The trust paid some $12 million for the two parcels, totaling 33 acres, but will sell them to farmers for just $26,000 per acre, with the condition that they be used solely for the production of food crops.
The fire sale was made possible by the contribution of $11.1 million from the town that went toward the purchase of the development rights, as well as a package of covenants and restrictions on the land that will prevent it from ever being used for any other purpose than growing row crops.
At a gathering of farmers and local government officials in one of the two fields off Head of Pond Road in Water Mill on August 5, the deal was touted as the first time a municipality had tailored its preservation purchase to ensure that land would be continued to be tilled by farmers.
“This is the first town in the state to have done this—this is huge,” Peconic Land Trust President John v.H. Halsey said. “This farm will be available to a farmer at its true agricultural value.”
Despite having spent hundreds of millions of dollars over the past 15 years to remove housing development rights from thousands of acres, much of it agricultural land, many of those properties have since been lost to farmers beneath horse paddocks, riding stables and even houses for the staff of horse farms. The demand for preserved land for such uses has driven the market price well above $100,000 an acre, out of reach for most farmers.

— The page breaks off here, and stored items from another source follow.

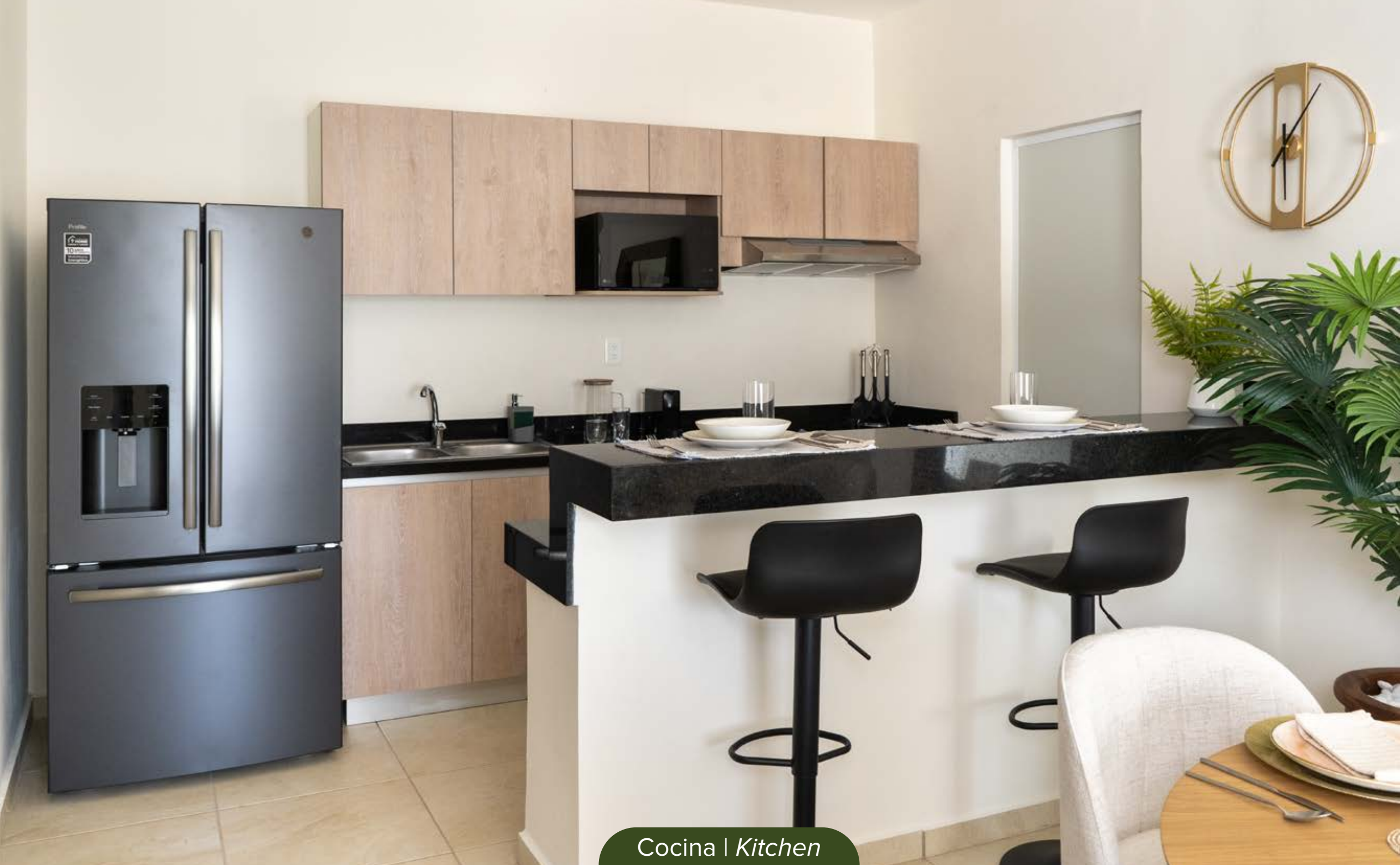
Cocina | Kitchen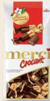
Набор конфет «Мерси» Crocant 125 г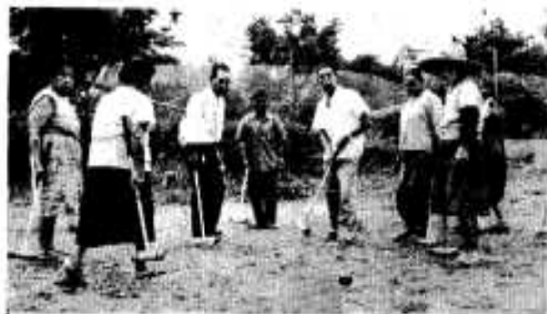
ゲートボールを楽しむ牧内(赤瀬川)老人クラブ

「敬老の日」の九月十五日から二十一日までの一週間は老人福祉週間です。 この週間は、多年にわたって社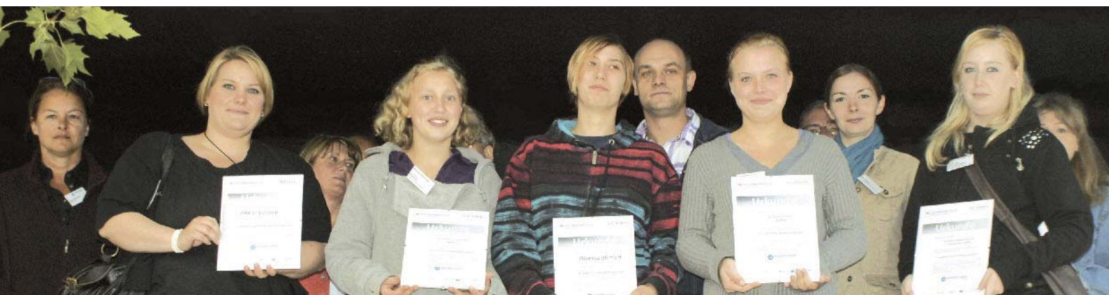
Beim Abschlussfest: Jugendliche und Arbeitgeber/-innen, die über das Projekt „Ausbilden ist Zukunft“ zusammengefunden haben.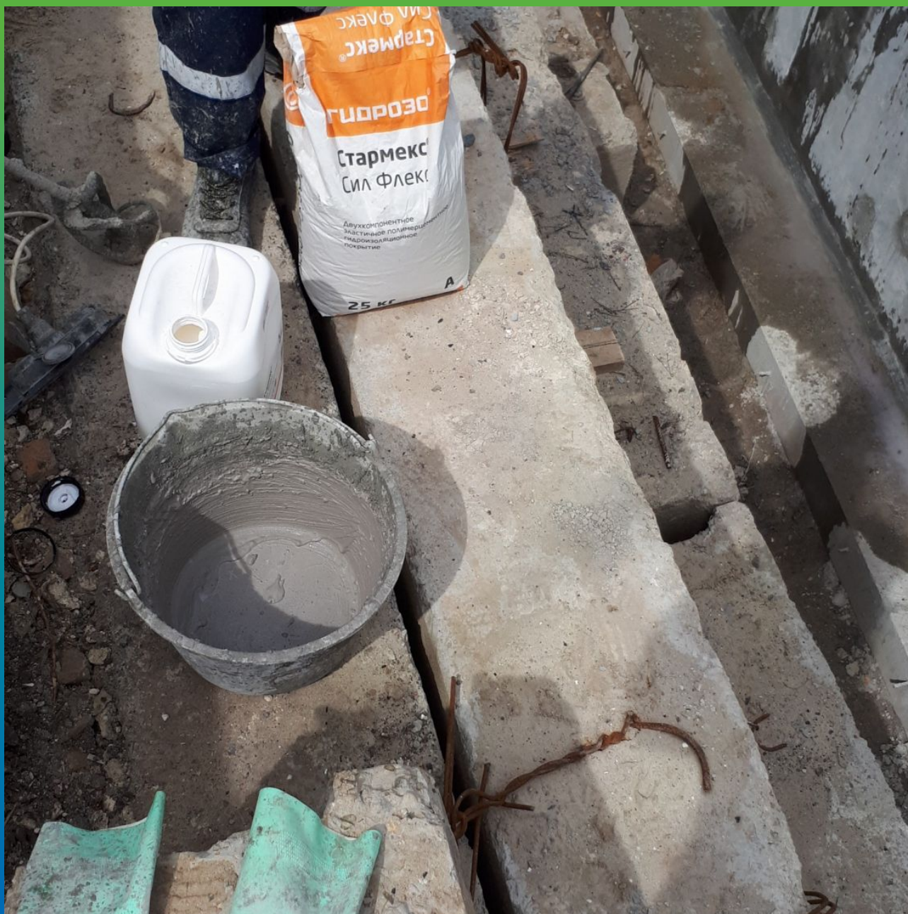
Материал Гидрозо на объекте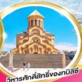
วิหารศักดิ์สิทธิ์ของทบิลีซี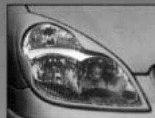
Headlamp Eyebrows (pair) CITC51003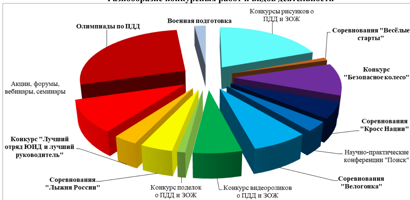
Таблица с перечнем достижений учащихся объединения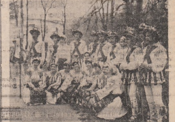
Perpetua tinerețe a portului popular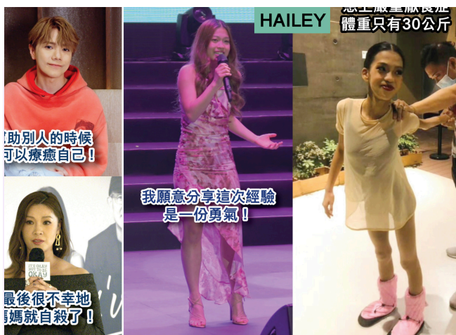
▲邀請真正有經歷、有影響力的“共鳴者”分享如何走出陰霾的故事。

當焦慮與抑鬱成為13.3%香港成年人的日常，當“報喜不報憂”的文化讓情緒困境深埋心底，香港情緒健康學會籌辦《好在有朋友》音樂會，在24年冬天悄然啓動，我們大膽拋棄傳統情緒健康推廣的單向模式，選擇了“音樂會+真實個案分享”這一高共鳴、低抗拒的載體，觸動了這座城市的脈搏。這不是一場普通的演出，而是將專業音樂表演、康復者真實故事、學生合唱團的希望象徵巧妙融合成情感體驗場。當燈光暗下，音樂響起，那些關於掙扎與康復的講述不再是遙遠的案例，而是每個聽眾都可能經歷的生命片段。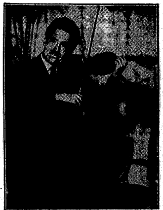
Dnia 2 lutego br. będzie obchodził 60-letnią rocznicę urodzin, niezwykle utalentowany, sławny sławy skrzypce-wirtuoz Fritz Kreisler. Skomponował on szereg efektywnych utworów skrzypcowych, zwłaszcza opracował melodię 3 tańców staroklasycznych.

Urząd śledczy prowadzi dochodzenia. Szkoda jest znaczna wskutek zniszczenia kas.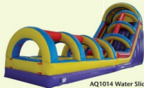
AQ1014 Water Slide & Slip 5.5x16x4.5m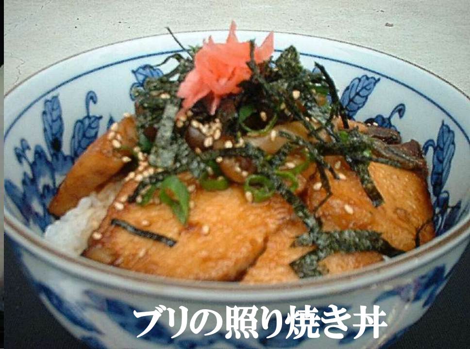
ブリの照り焼き丼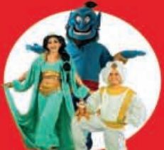
Show Case Aladdin 21 Diciembre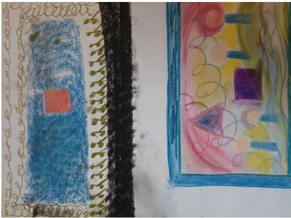
Samen op een vel; wantrouwen en angst komt tot uiting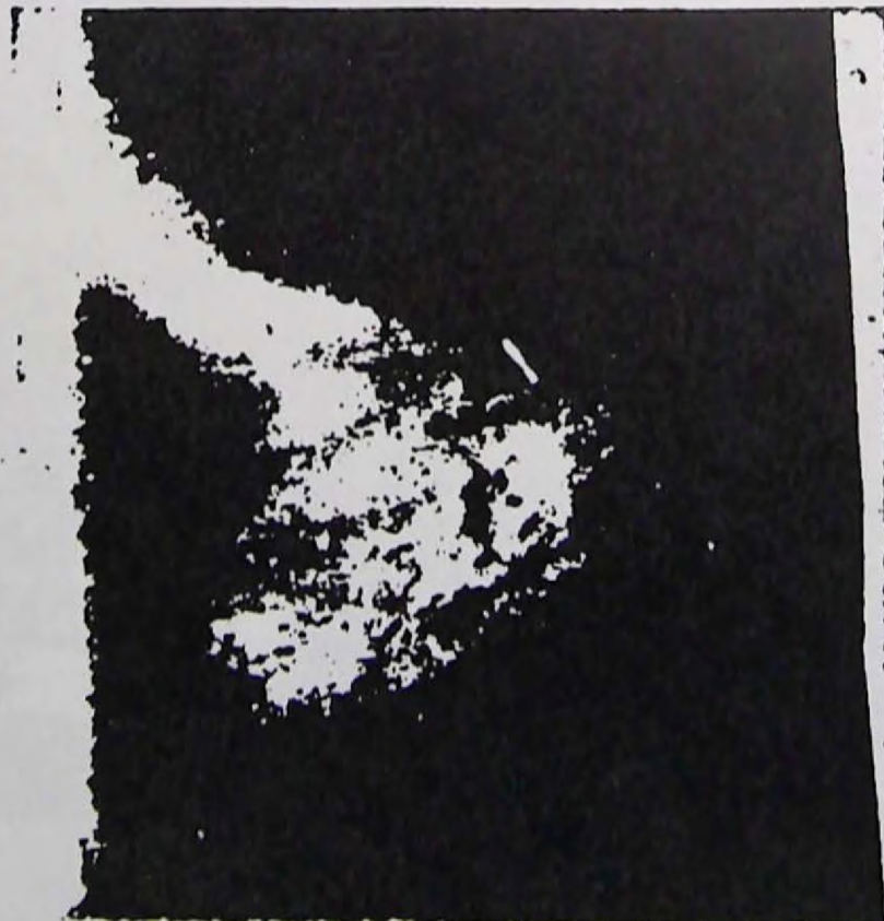
Fig. 4. - Règle.

Forme mentale que le C. Darget venait de regarder, projetée sur une plaque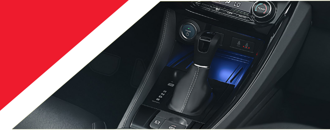
CARREGADOR DE CELULAR sem fio ou por indução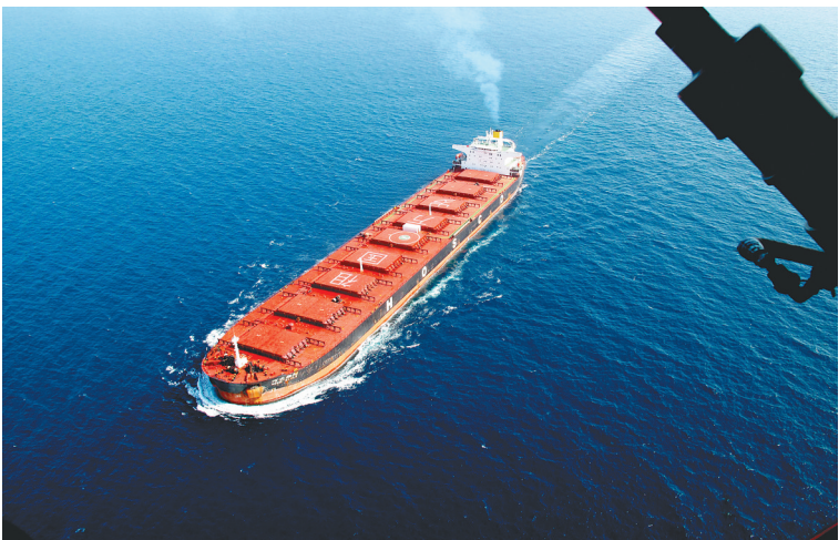
海口舰接护的商船打出“祖国万岁”的标语。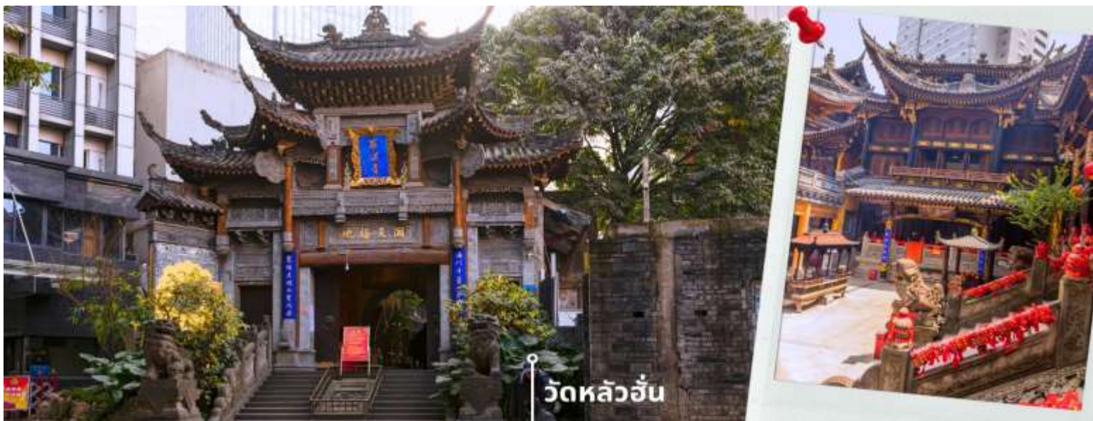
วัดหลัวฮั่น

นำท่านเดินทางสู่ วัดหลัวฮั่น (Luohan Temple) วัดสำนักงานใหญ่พุทธสมาคมแห่งนครฉงชิ่ง เป็นวัดเก่าแก่ที่สุดในฉงชิ่ง (Chongqing) ซึ่งสร้างขึ้นเมื่อ 1,000 ปีก่อน มีประวัติความเป็นมายาวนานเป็นจุดหมายทางศาสนาและเป็นศูนย์กลางของชาวพุทธในภูมิภาคการท่องเที่ยวที่สำคัญของภูมิภาค และเป็นแหล่งเรียนรู้ที่สำคัญของศิลปวัฒนธรรมจีน วัดนี้ประดิษฐานพระอรหันต์ถึง 500 องค์ แต่ละองค์มีลักษณะ ท่าทาง และสีหน้าแตกต่างกัน มีสถาปัตยกรรมแบบจีนโบราณที่สวยงามและละเอียดอ่อน พระอรหันต์ 500 องค์ แกะสลักด้วยหินและไม้ สะท้อนถึงความเชื่อในพุทธศาสนาและมีมือศิลปะจีน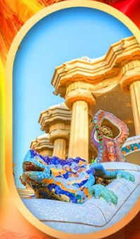
ปาร์ค กูเอล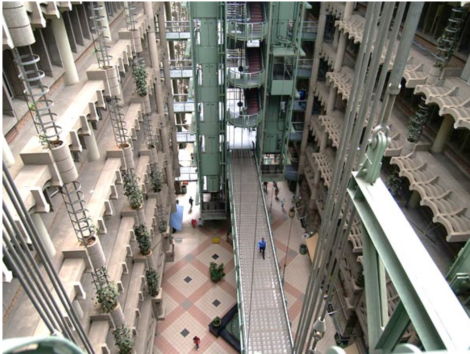
Interior do Edifício - permeabilidade estrutural

A "pele" da torre se aquece com o ar externo durante o dia e absorve o calor em sua estrutura. Ao chegar no meio do prédio, o ar já está mais frio. À noite, o calor que foi absorvido durante o dia aquece o interior, criando condições mais confortáveis para as pessoas que vivem e trabalham no local.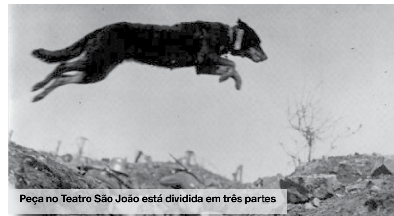
Peça no Teatro São João está dividida em três partes

Os Últimos Dias da Humanidade começou a ser escrito em 1915, e nele Kraus encenou as conversas inspiradas pela guerra nas ruas, nas redações dos jornais, nos quartéis e nos salões. Do monumental edifício original do texto foi extraída uma dramaturgia que segue a progressão cronológica dos acontecimentos da época, desde o assassinio do arquiduque Francisco da Áustria até à derrota dos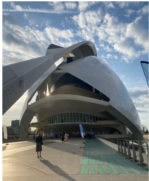
Det vackra Palau de les Arts där konferensen inleddes.

Dag 2,3 och 4 av konferensen, hölls på olika platser på campus av Universitat Politècnica de Valencia.

In hopes of leading the CPF down a new path that would head off the loss of farmland protected with CPF money, the Peconic Land Trust devised a list of covenants that could be placed on the land, with commensurate compensation for the lost potential value, that would bar it from being used for equestrian uses, or left fallow. By paying extra for the additional restrictions—about 10 to 15 percent over the cost of purchasing the right to build houses on the property—the new form of preservation drives down the value of the land to a point that, trust officials hope, it could be purchased by farmers.
Mr. Halsey said there has been considerable “buzz” among farmers over the coming offering of the land, previously owned by Charlotte Danilevsky, who died in November, and expects that it will see a number of competing offers from farmers in a position to purchase one of the two lots.
At last week’s press conference, several farmers applauded the purchase and the direction taken to ensure that crops will eventually be grown on the land.
“This is a wonderful day in the life of agriculture,” said John L. Halsey, an apple farmer from Water Mill and a member of the town’s agricultural advisory board.